DATA EXCERPTS:

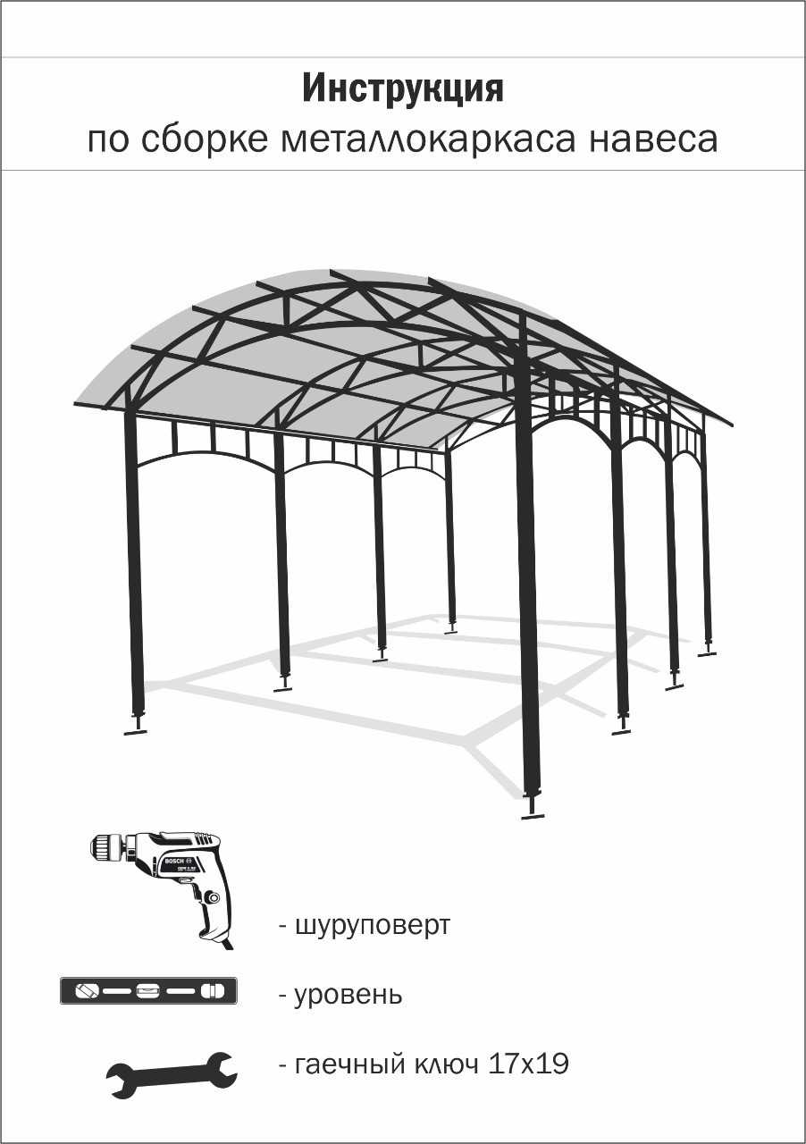 Дальнейшая стройка навеса происходит по той же инструкции, что и в случае с металлическим каркасом.
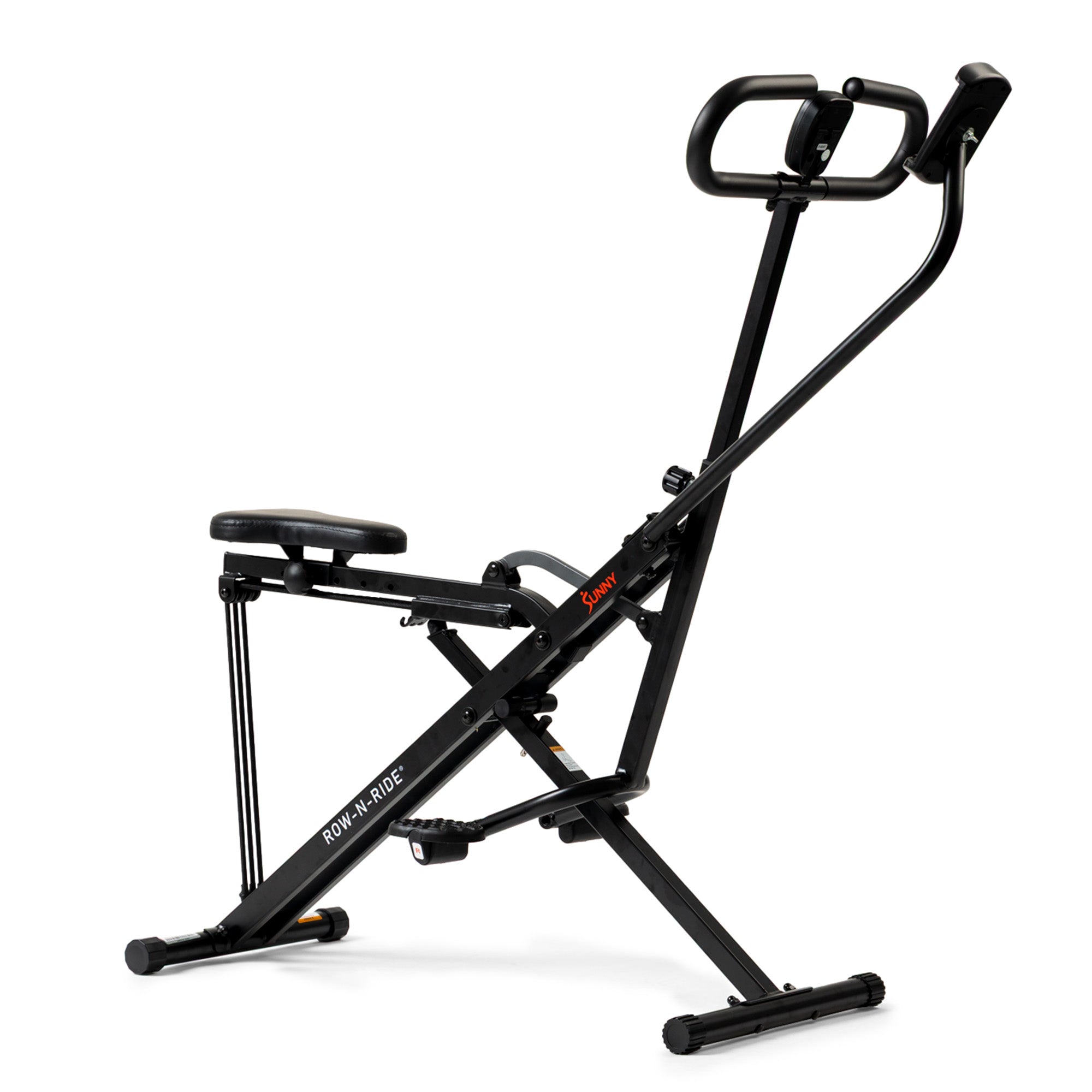 Introducing the Sunny Health & Fitness Smart Upright Row-N-Ride® Exerciser, your all-in-one home fitness solution. This versatile machine combines squats, rowing, glute toning, ab sculpting, and strength training in one compact device. Customize squat workouts with adjustable settings at 30, 60, and 90 degrees. Stay connected with Bluetooth syncing for progress tracking and access to a library of training content. The LCD monitor tracks calories, duration, and count. With 4 resistance levels and adjustable handlebars and seat, it suits users of all sizes. Easy assembly and sturdy frame ensure reliability. Transform your home workouts with confidence and convenience today!
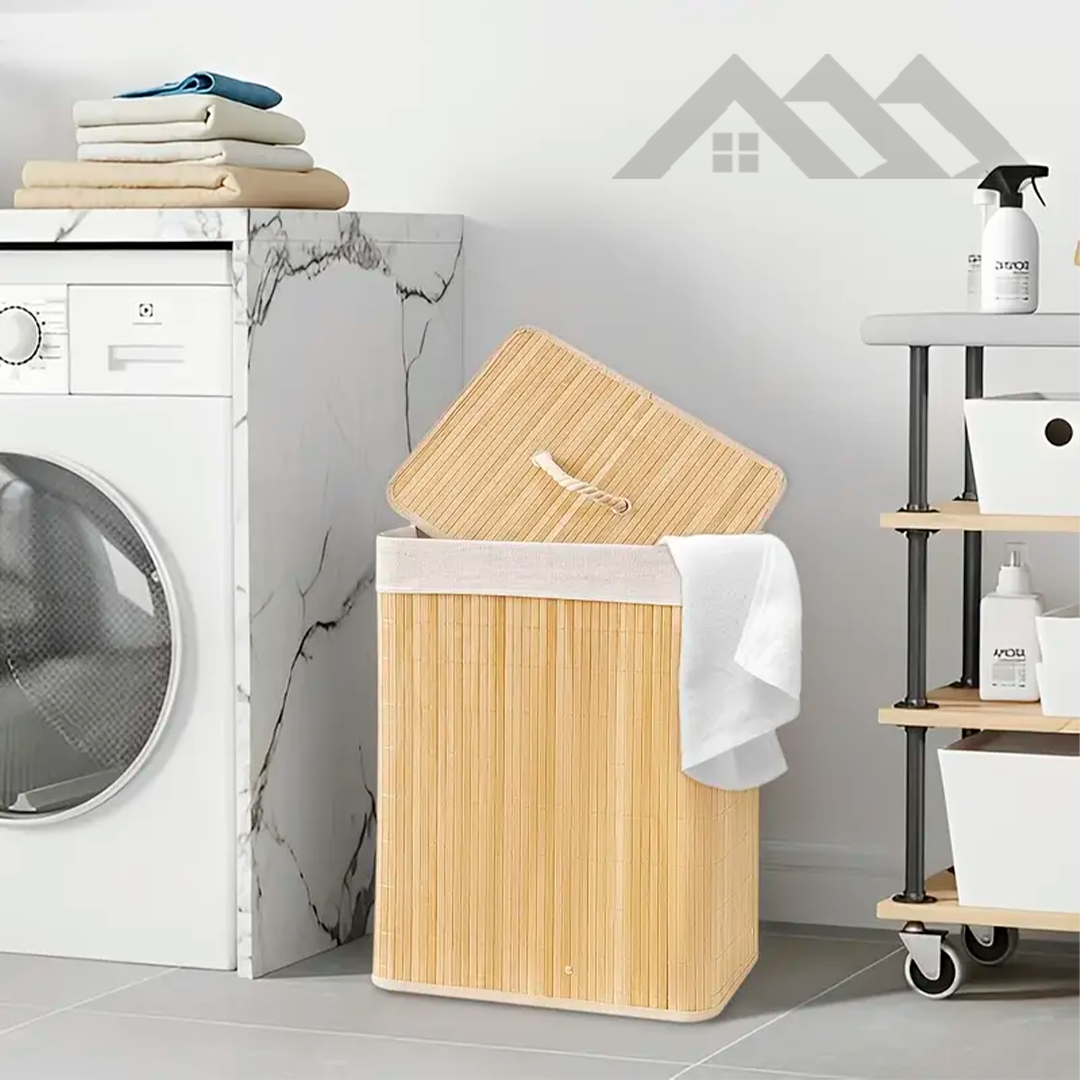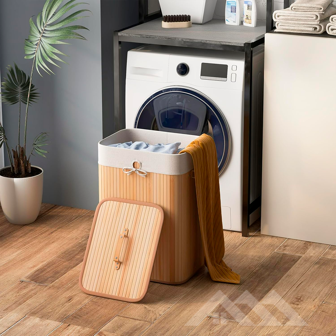 Mantén tu ropa y accesorios en un solo lugar con estilo natural. El cesto de bambú organiza cada rincon y aporta un toque elegante y ecofriendly.
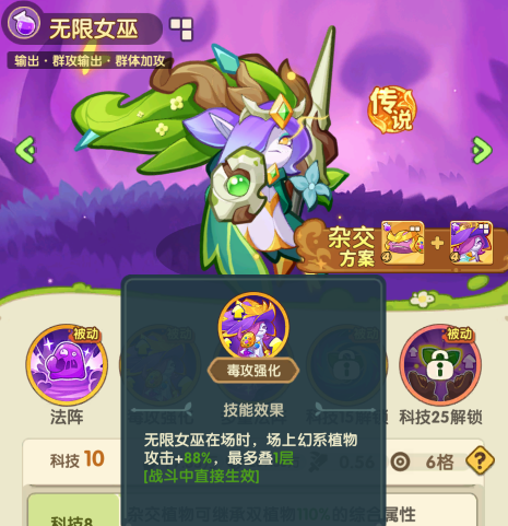 随着金卡植物等级升上来之后,洋葱和菠萝就会退居3线,曼陀罗+冬瓜成为核心双C。当开启杂交后,水幻玩家便可以提高无限女巫和波塞冬瓜的科技等级,达到5级即可停手
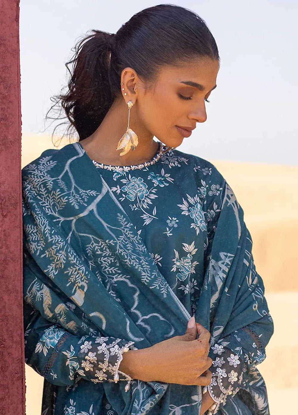 Cross Stitch Embroidered Lawn Suit Unstitched 3 Piece CS24EL2 Teal Serenity - Summer Collection

DESCRIPTION OF THE TASK: Output exactly, and only, the lines running from the line containing "随着金卡植物等级升上来之后,洋葱和菠萝就" to the last line of the entries above, omitting the pictures.

ANSWER SPACE:
 随着金卡植物等级升上来之后,洋葱和菠萝就会退居3线,曼陀罗+冬瓜成为核心双C。当开启杂交后,水幻玩家便可以提高无限女巫和波塞冬瓜的科技等级,达到5级即可停手
 Cross Stitch Embroidered Lawn Suit Unstitched 3 Piece CS24EL2 Teal Serenity - Summer Collection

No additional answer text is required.